Records supplied START

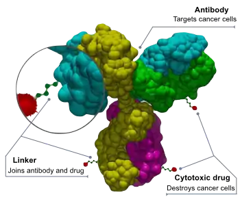 Les ADC sont des molécules complexes composées d'un anticorps lié à une charge utile ou à un médicament cytotoxique (anticancéreux) biologiquement actif[2]. Les conjugués anticorps-médicaments sont des exemples de bioconjugués et d'immunoconjugués.
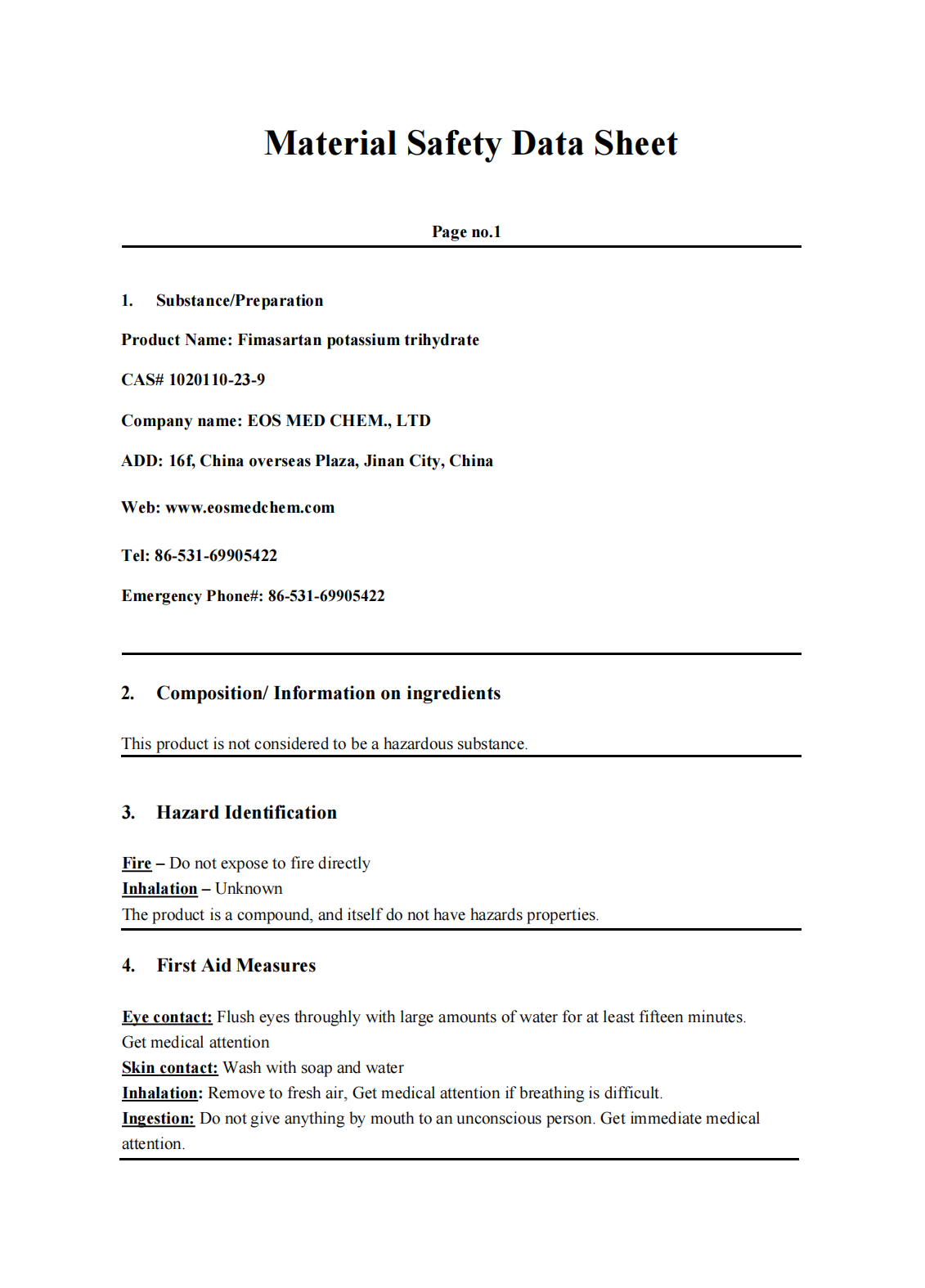 CAS 1020110-23-9: Fimasartan potassium trihydrate
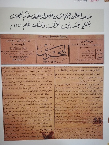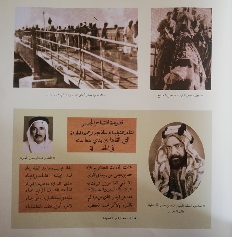 كلمة صاحب العظمة الشيخ حمد بن عيسى ال خليفة حاكم البحرين حيث قال نشكر ممثلي بلديتى المنامه والمحرق . وقد توقف البناء 3 سنوات وذلك لسبب نقص الميزانية ... وقد كان التشييد تحت اشراف خانصاحب محمد خليل مدير دائرة الطابو الذي كان مسؤولا عن الاشغال العامة وفي سنة 1937 اوجدت دائرة منفردة للاشغال العامة مديرها المستر محمد جعفر ، فمهد اليها اتمام الجسر . ولو انه قد مضي 13 سنة منذ اول حجر ، فقد بوشر العمل 10 سنوات . بلغت تكاليف الجسر من الحجر 2,75,000 روبية مائتين وخمسا وسبعين الف روبيه او 20000 جنيه تقريباً وذلك قيمة الاحجار التي قطعها من البحر رجال بحرينيون وأتت به الي الشاطئ من بحرينيه واجور عمال اشتغلوا فيه ، لذا يمكن يقال بحق ان هذه الدراهم صرفت في البحرين وانتفع بها مباشرة اهالي البحرين خلال سنوات لم تكن فيها الاعمال رائجة نظرا لرداءة مواسم الغوص . اما الجزء المتحرك فقد كلف 4,25,000 روبية اربعمائة وخمسا وعشرين الف روبيه او 32000 جنية تقريبا ومعظم هذا المبلغ صرف محليا لاجور عمال ومواد .....
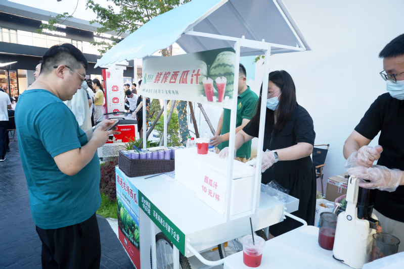 6月29日,“苏超”联赛焦点战——南通队对阵宿迁队的较量火热打响,苏锡通园区枫叶小镇奥特莱斯“第二现场”化身一片欢乐海洋。场内,巨幕大屏实时捕捉着赛场每一寸风云变幻,将攻防转换的紧张刺激清晰投射;场外,摊车次第铺开,循着光影轨迹驶入童话的美食王国。南通公司顺势借“苏超”赛事的火热东风,特别推出农场直供的鲜榨西瓜汁——炎炎夏日里,这份冰爽与甘甜恰似一剂及时的“救赎”。捧起西瓜汁猛灌一口,带着沙沙绵密口感的清甜瞬间漫过舌尖,将积攒整日的燥热涤荡一空。赛事开始后,现场气氛愈发沸腾,数千人流交织着欢声与笑语,鲜榨西瓜汁也顺势迎来了销售热潮。当晚9时,所有鲜榨西瓜汁便销售一空。杯盏间的余味里,那一份清爽甘洌陪伴着意犹未尽的旅客,将赛事热情延续到深夜。
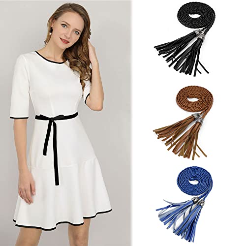 Allegra K Womens Tassels Braided Waist Belt Self Tie Woven Skinny Belts for Dress 3
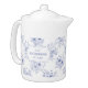 Monogrammed Classic Blue Flowers Floral Pattern Teapot
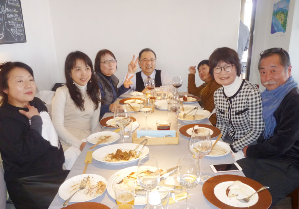 総会終了後はお待ちかねの懇親会です。遅れていた渡辺さんも到着、鶴岡からボッカアルケッチャーノの齋藤取締役が来訪され 、乾杯でスタート。ビールの後、ワインで極上のイタリア料理を楽しみました。
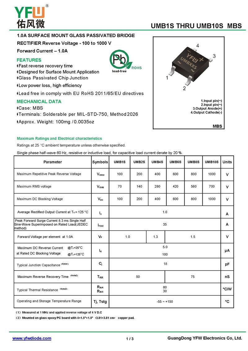 快恢復橋式整流器UMB8S 規(guī)格書_價格_PDF手冊-廣東佑風微原廠UMB8S MBS(YFW佑風微)品牌
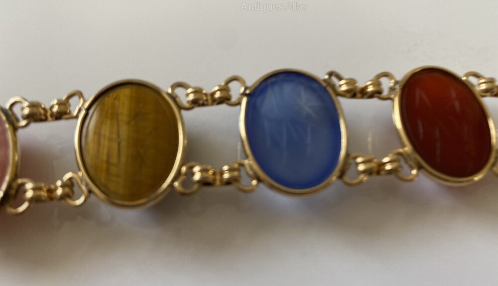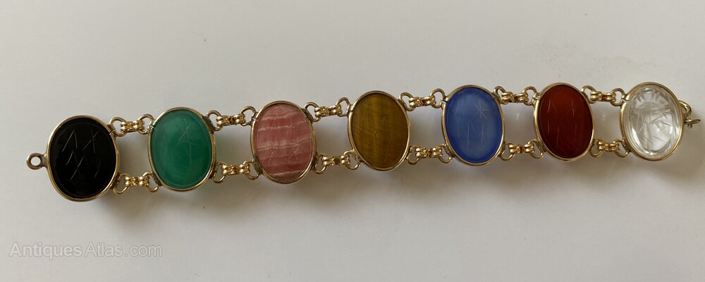 A Multi Agates Scarab Beetle and Rolled Gold Bracelet.c.1930/40
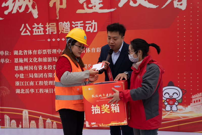 除恩施主會場外,“致敬城市建設(shè)者”公益捐贈活動還在湖北省14個體彩分中心同步開展,近3000名建筑工人接受了體彩愛心人士的捐贈。
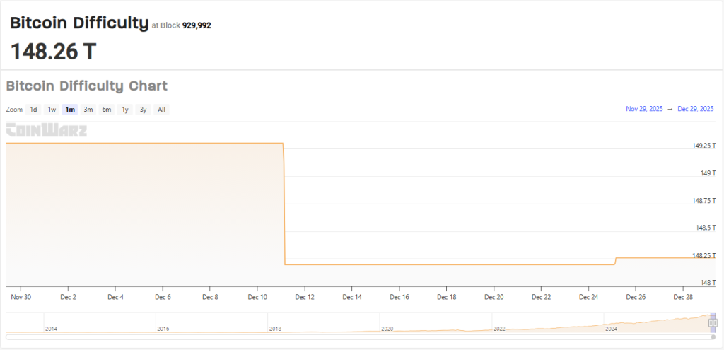 Based on CoinWarz estimates, the next adjustment on January 8, 2026, at block 931,392, is expected to push the difficulty to past 148 trillion.
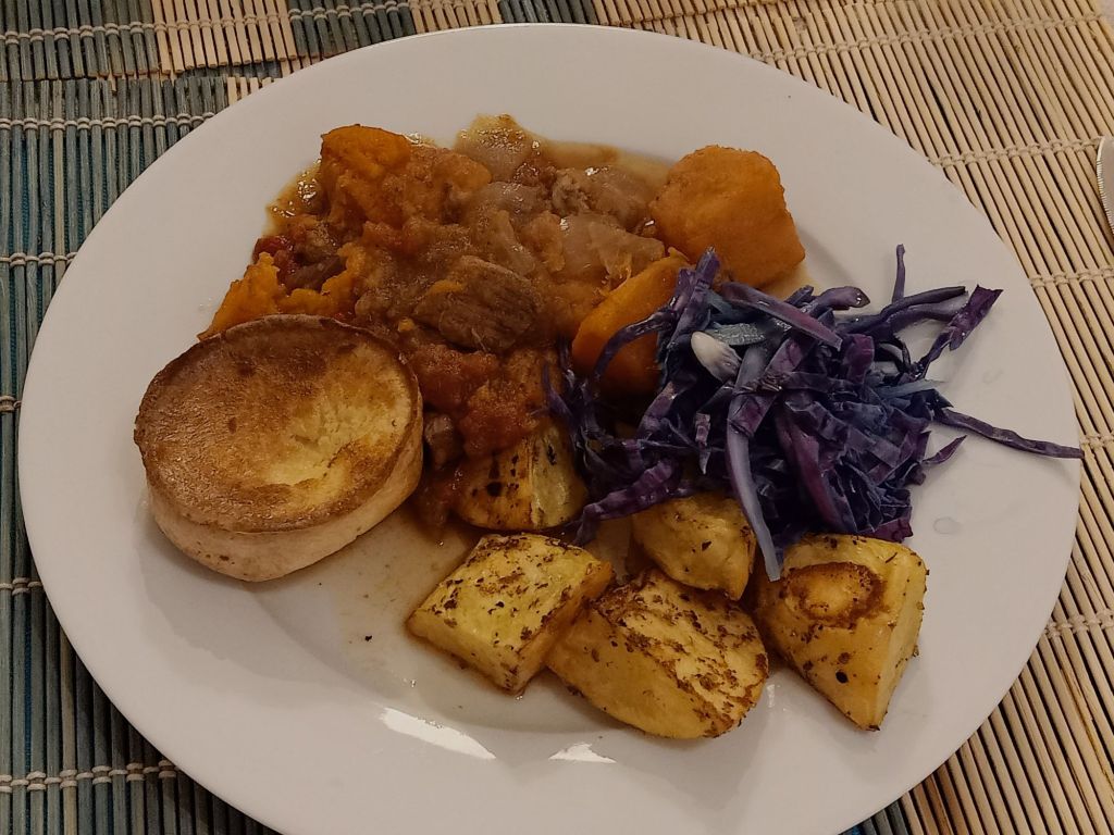 For dinner we warmed up a mystery curry from the freezer which turned out to be the last of the chicken one that I had put beans instead of chickpeas in – it still went down well with rice and roast potatoes.
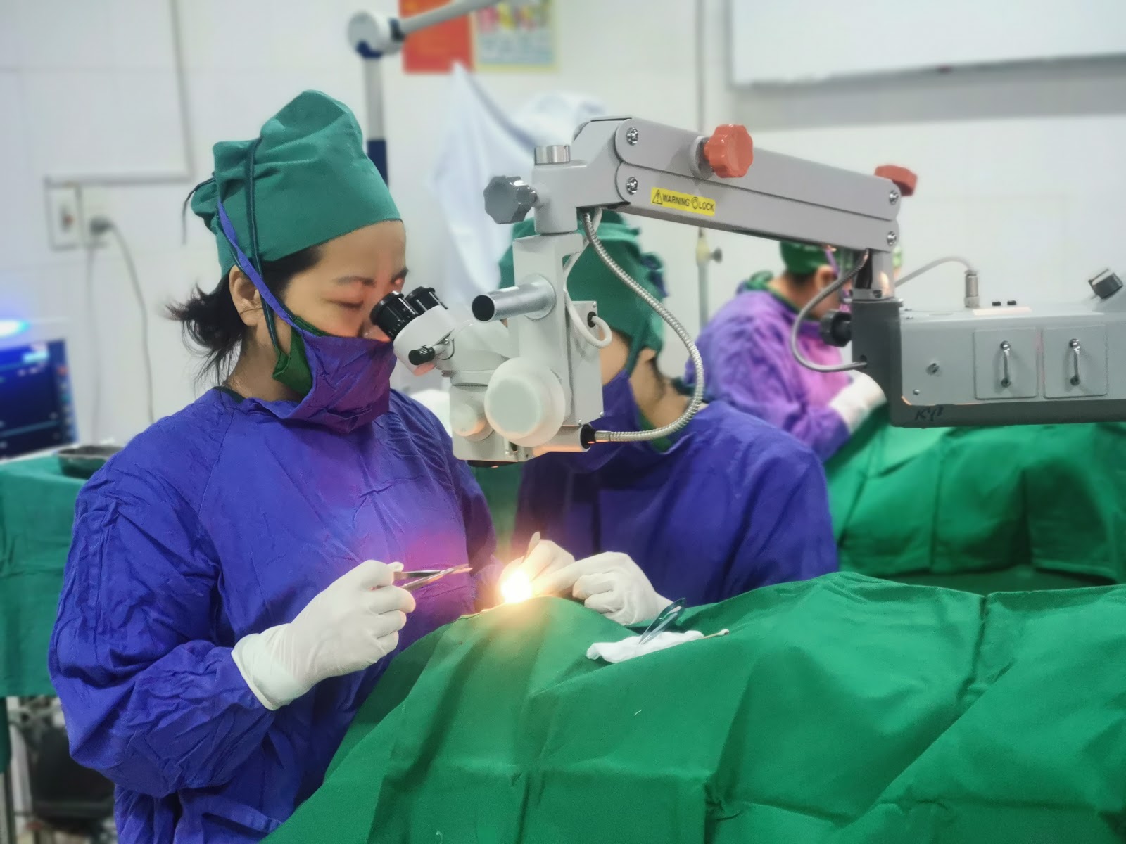 Trung tâm Y tế thành phố Móng Cái phối hợp với Bệnh viện Mắt Trung ương, Bệnh viện Bãi Cháy, thực hiện phẫu thuật thay thủy tinh thể.
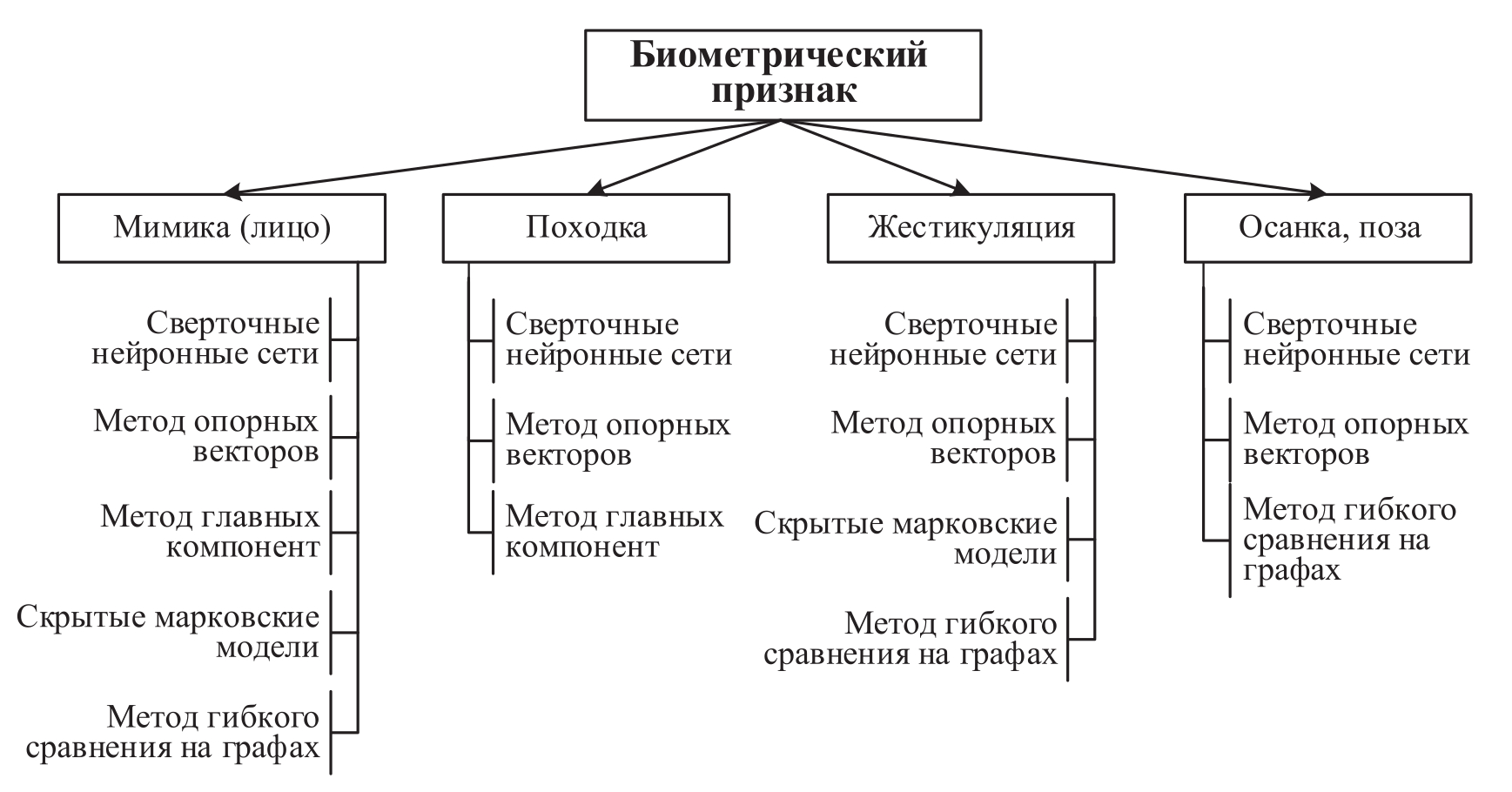 В настоящее время системы распознавания человека подразделяются на несколько видов (рисунок 4, адаптирован по материалам [24, 31-33]).

Records supplied END

* _Aim of the task_
Above are the records; copy from them only the lines starting at the one containing "総会終了後はお待ちかねの懇親" and ending at the one containing "A Multi Agates", exactly and without pictures.

* _Output_
 総会終了後はお待ちかねの懇親会です。遅れていた渡辺さんも到着、鶴岡からボッカアルケッチャーノの齋藤取締役が来訪され 、乾杯でスタート。ビールの後、ワインで極上のイタリア料理を楽しみました。
 快恢復橋式整流器UMB8S 規(guī)格書_價格_PDF手冊-廣東佑風微原廠UMB8S MBS(YFW佑風微)品牌
 A Multi Agates Scarab Beetle and Rolled Gold Bracelet.c.1930/40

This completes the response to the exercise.